扉自体もかなりの厚みがあったが、この荒れ果てた状態では本来の役目を果たしているとは思えなかった。
最後に思い切り押し開けると、大きな音を立てて扉が壁に当たる。
「すごいな。前も見えないぞ」
その扉の向こうにはは、彼らの背丈ほどもある草が生い茂っていた。
「派手に行くなら、わてに任せるアル」
ポンと胸を叩いて、張々湖がぼっと炎を吐き出すと、先頭に立って草を焼き払い、道を作っていく。
「なるほどね」
「何があるかわからない。十分気をつけてくれ」
ジョーが張々湖のすぐ後ろを歩きながら、全員に向かって言った。
「了解。普通に考えても罠をはってるだろうな」
「だが、フランソワーズを助け出すのが目的だ。ちょっとやそっとの罠にびびってちゃ、なんにも始まらないぜ?」
ジェットが吐き捨てるように言う。
「ま、そういうことだな」
門から屋敷まで、それなりの距離があるようだった。
草に埋もれていながらも、所々に彫刻や、樹木が見える。
「まったく、ゼルの奴は何を考えてるのかね。どうせならここも整えておいてくれりゃいいのに。どうせ歓迎してくれるんだろうから」
グレートがあたりを見回しながら呟く。
「もうこの辺りから歓迎が始まるのかもしれないぜ」
ハインリヒが皮肉めいた笑みを浮かべてグレートを振り返った。
「来るなら来いってんだよ、まだ屋敷につかねえのかよっ!」
イライラした声を上げてジェットが辺りの草を蹴散らす。
「その辺に地雷でも埋まってたりしてな」
のんきな声でグレートが混ぜ返す。
「却って、ここになんにも仕掛けられていない方が不気味だよ」
そんな仲間たちの声をききながら、ジョーは黙々と歩いていた。
フランソワーズは、必ずここにいる。
必ず待っている。
あの時見た、涙が忘れられない。
「ジョー、屋敷の玄関だ」
ジェロニモの声に前を見ると、ちょうど張々湖の炎が、目の前を遮る草を焼ききったところだった。

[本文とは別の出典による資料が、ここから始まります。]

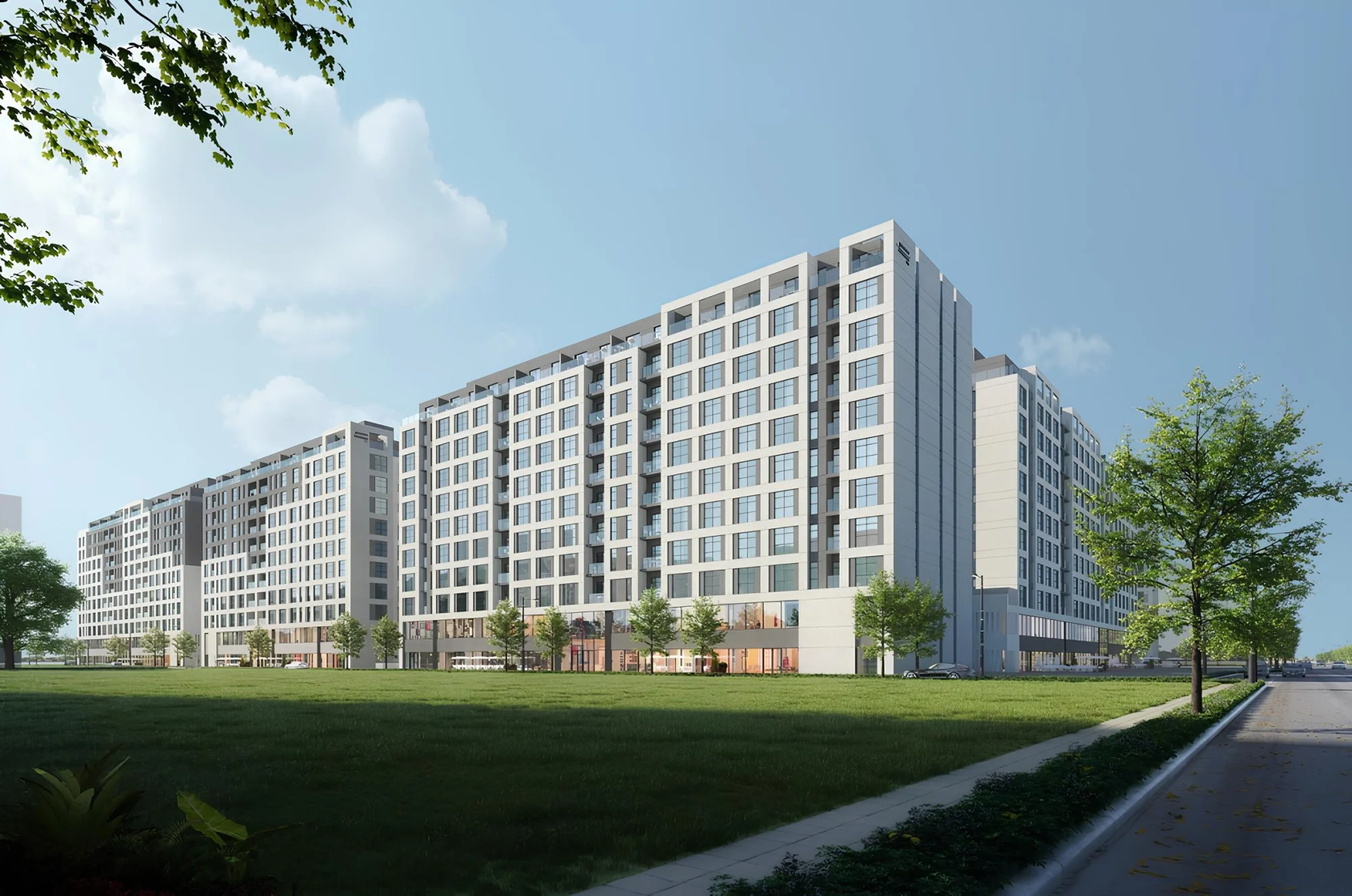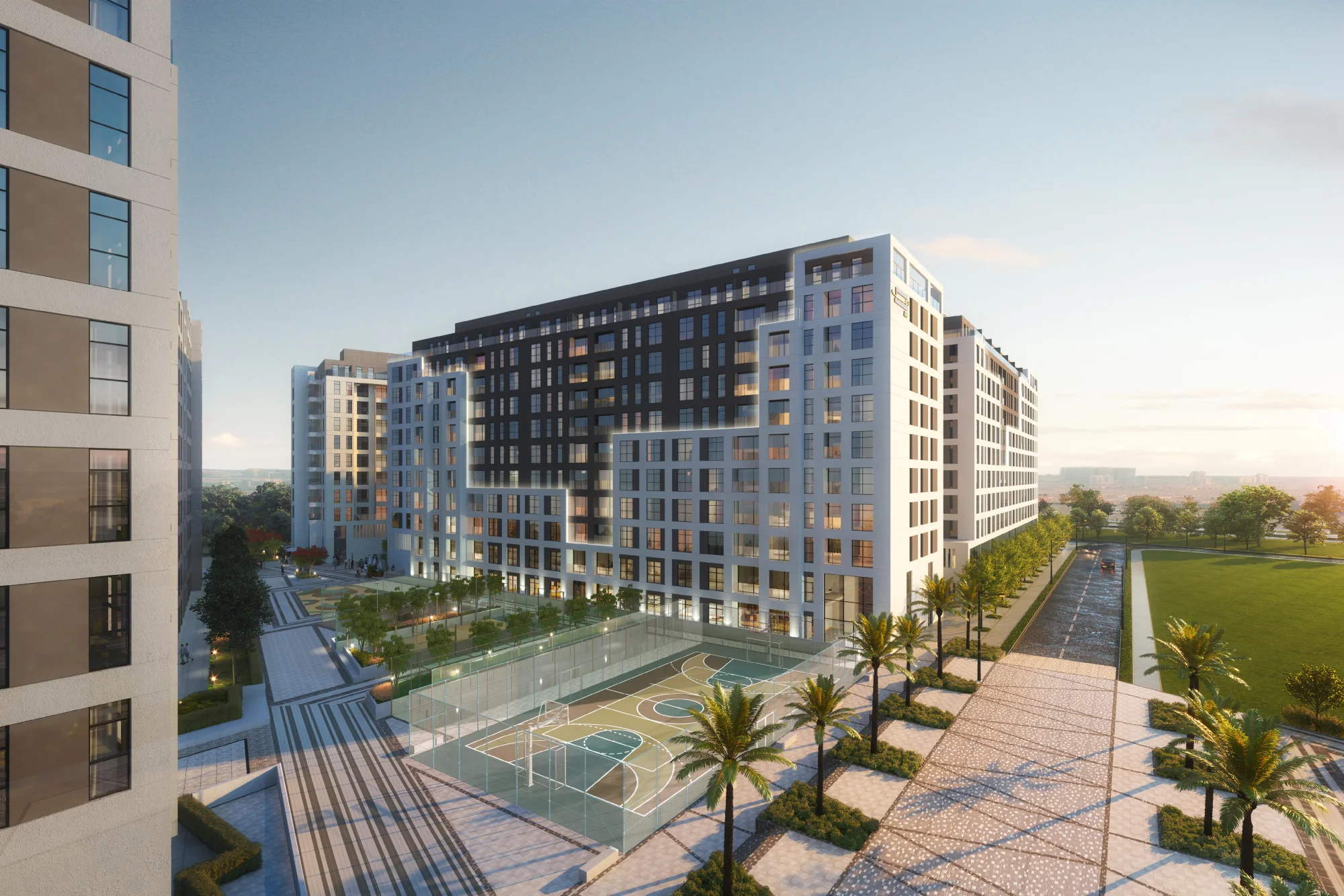 The project consists of a complex of 10 buildings, including a ground floor and 9 residential floors, with studios and apartments with 1-3 bedrooms. The exterior of the buildings is characterized by a modern and elegant design that harmoniously fits into the surrounding landscape. The facades of the buildings are decorated in bright colors, creating a feeling of lightness and spaciousness. A landscaped area with greenery and recreation areas complements the overall picture. The interiors of the apartments are made using high-quality materials and modern design solutions. The thoughtful layout allows for the most efficient use of space. Large windows provide good natural light.
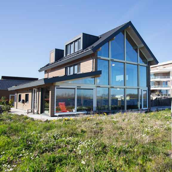We wonen hier nu een jaar met z’n allen en dat gaat ontzettend goed. Er zitten geen sloten op de deuren binnenshuis en vaak staan ze open. Als een deur dicht is, kloppen we eerst even aan. Er zit zelfs een raam tussen onze woonkeukens, om het uitzicht op het meer niet te onderbreken. Dat geeft wel aan hoe goed de band is. Je ziet elkaar, maar geeft elkaar ook de ruimte.”
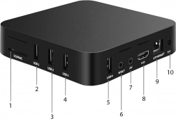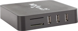 A készülék Wi‑Fi-t kínál vezeték nélküli kapcsolathoz és Ethernet-et a stabil hálózathoz, gazdag csatlakozási lehetőségekkel (4× USB, HDMI, AV, SD/MMC foglalat) és külső meghajtók támogatásával FAT16/FAT32/NTFS. A 11,5 × 11,5 × 2,5 cm-es kompakt méret és a halk működés bármely nappaliba illik.
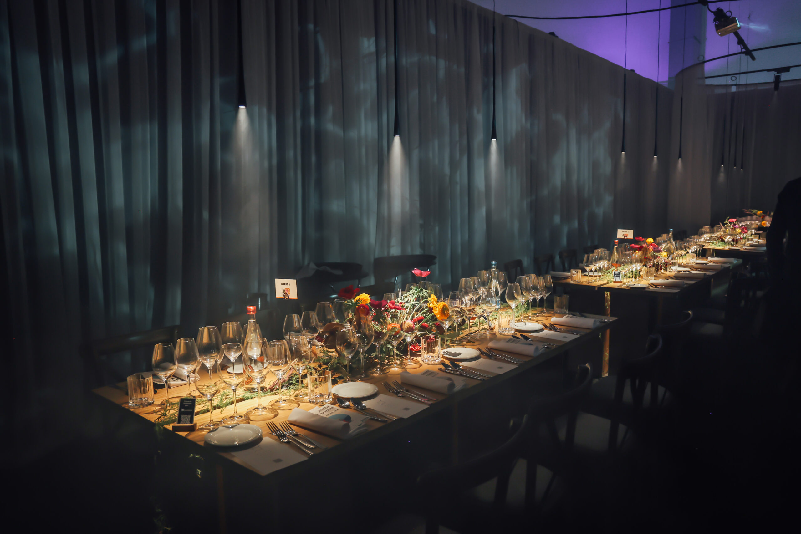 “Murmuri” es la creación de Pasquinel Studio. Este espacio fue inspirado en la sinergia de la oscuridad con el reflejo de la Luna, donde la carencia de luz exalta los otros sentidos. También se hacen alusiones al sistema Braille, volviéndola una experiencia multisensorial donde el sentido del gusto y del tacto se unen para generar una conexión con el comensal.
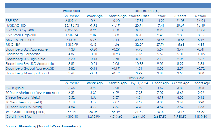 FOMC In ‘Wait And See’ Mode After Another Rate Cut, But Chair Powell Left The Door Cracked For Another Cut In January. As expected, the Federal Open Market Committee (FOMC) delivered a 25-basis point rate cut at its December meeting, leading to a rally in stocks and bonds as investors in both asset classes heard or saw something they liked. The decision to cut the funds rate wasn’t a unanimous one as there were three dissents with two voters opting for no cut, while one pushed for 50-bps. We were expecting a couple more dissents in the camp of no cut, so we were a bit surprised that the consensus swung so far to the easing side of the ledger. The FOMC’s updated dot plot, or median Committee member’s forecast for various economic data points, painted something of a Goldilocks picture for the coming year. The dot plot projects the unemployment rate to remain steady at 4.4% in ’26, inflation (core PCE) to fall to 2.4%, and for U.S. economic growth to pick up to 2.3% as the Committee pushed 0.2% from 4Q25 due to the government shutdown into the new year. The FOMC also announced it would begin buying $40B per month of short-term bills, allowing for purchases of bonds maturing inside of 3-years to maintain ample reserves and bolster liquidity in the banking system. This $40B per month in purchases appears larger than most economists and central bank pundits were projecting, and the bond market initially appeared to view this move as potentially forcing fixed income investors farther out on the Treasury curve and serving to increase demand for long bonds, but that initial stance appeared to shift into the weekend as yields on long-term Treasuries moved back to multi-month highs on Friday. Chair Powell’s post-meeting remarks were decidedly more ‘dovish’ than we expected, and markets took their cue from a statement he made surrounding his belief that payrolls growth has been overstated by 60k in recent months to imply he could get on board with another rate cut early next year if the labor market data justifies such a move.

かなりの年代物のようだが、しっかりした屋敷のようだ。
白い壁には壁と同じように蔦が絡まり、重厚そうなドアを守っているようにも見えた。
「もちろん、正面から行くんだろ?」
ハインリヒがきく。
「もちろんだ」
この中のどこかに、彼女がいる。
ジョーは、扉の前に立ち、大きく息を吸った。